• [Data block]:
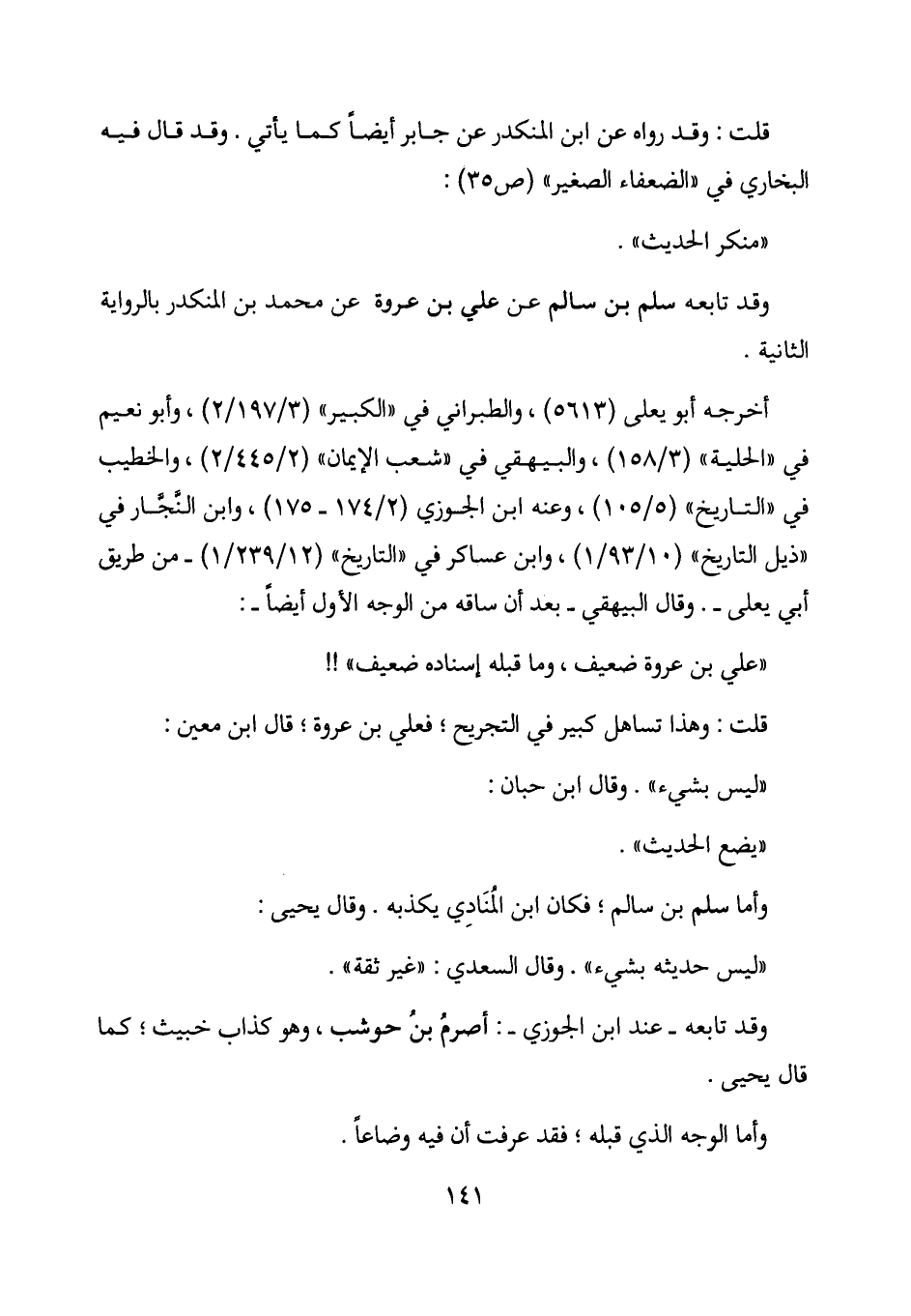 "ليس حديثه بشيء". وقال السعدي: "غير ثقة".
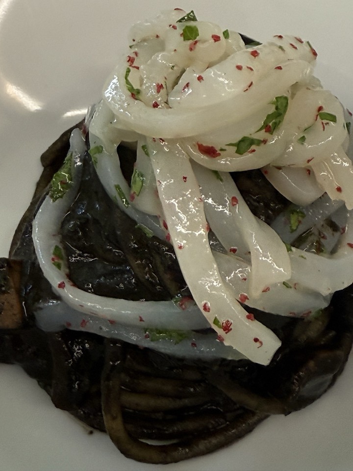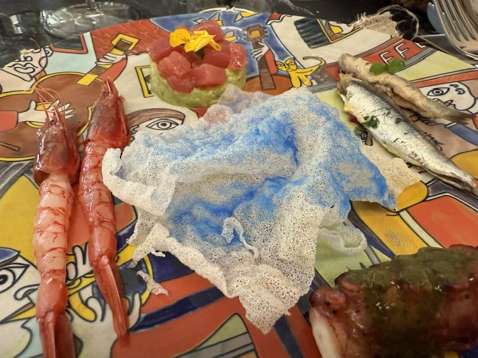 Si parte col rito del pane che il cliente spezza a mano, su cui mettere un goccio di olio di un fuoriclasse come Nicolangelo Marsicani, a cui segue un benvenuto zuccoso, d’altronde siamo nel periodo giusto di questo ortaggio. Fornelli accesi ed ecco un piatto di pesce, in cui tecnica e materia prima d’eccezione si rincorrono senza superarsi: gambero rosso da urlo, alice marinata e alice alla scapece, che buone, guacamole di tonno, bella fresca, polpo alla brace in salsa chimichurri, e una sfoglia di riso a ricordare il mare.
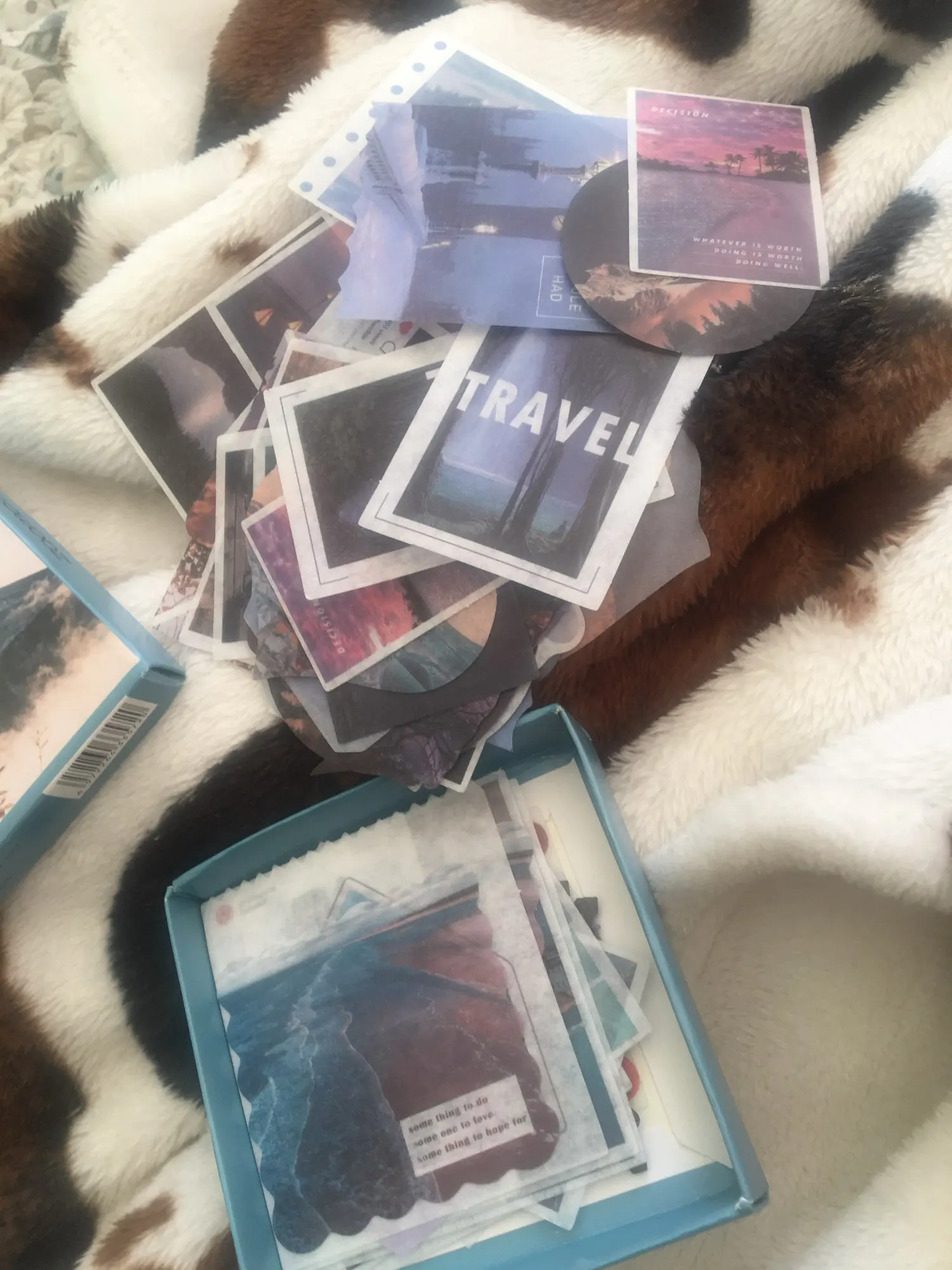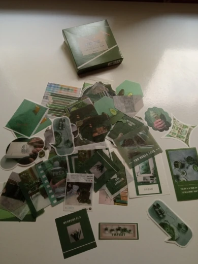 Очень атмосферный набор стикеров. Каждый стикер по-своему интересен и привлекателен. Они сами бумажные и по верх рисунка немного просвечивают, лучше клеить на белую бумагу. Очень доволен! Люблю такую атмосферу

• [What needs to be done]: Set down the material above exactly as it reads, but not its pictures.

• [Answer to this task]:
 "ليس حديثه بشيء". وقال السعدي: "غير ثقة".
 Si parte col rito del pane che il cliente spezza a mano, su cui mettere un goccio di olio di un fuoriclasse come Nicolangelo Marsicani, a cui segue un benvenuto zuccoso, d’altronde siamo nel periodo giusto di questo ortaggio. Fornelli accesi ed ecco un piatto di pesce, in cui tecnica e materia prima d’eccezione si rincorrono senza superarsi: gambero rosso da urlo, alice marinata e alice alla scapece, che buone, guacamole di tonno, bella fresca, polpo alla brace in salsa chimichurri, e una sfoglia di riso a ricordare il mare.
 Очень атмосферный набор стикеров. Каждый стикер по-своему интересен и привлекателен. Они сами бумажные и по верх рисунка немного просвечивают, лучше клеить на белую бумагу. Очень доволен! Люблю такую атмосферу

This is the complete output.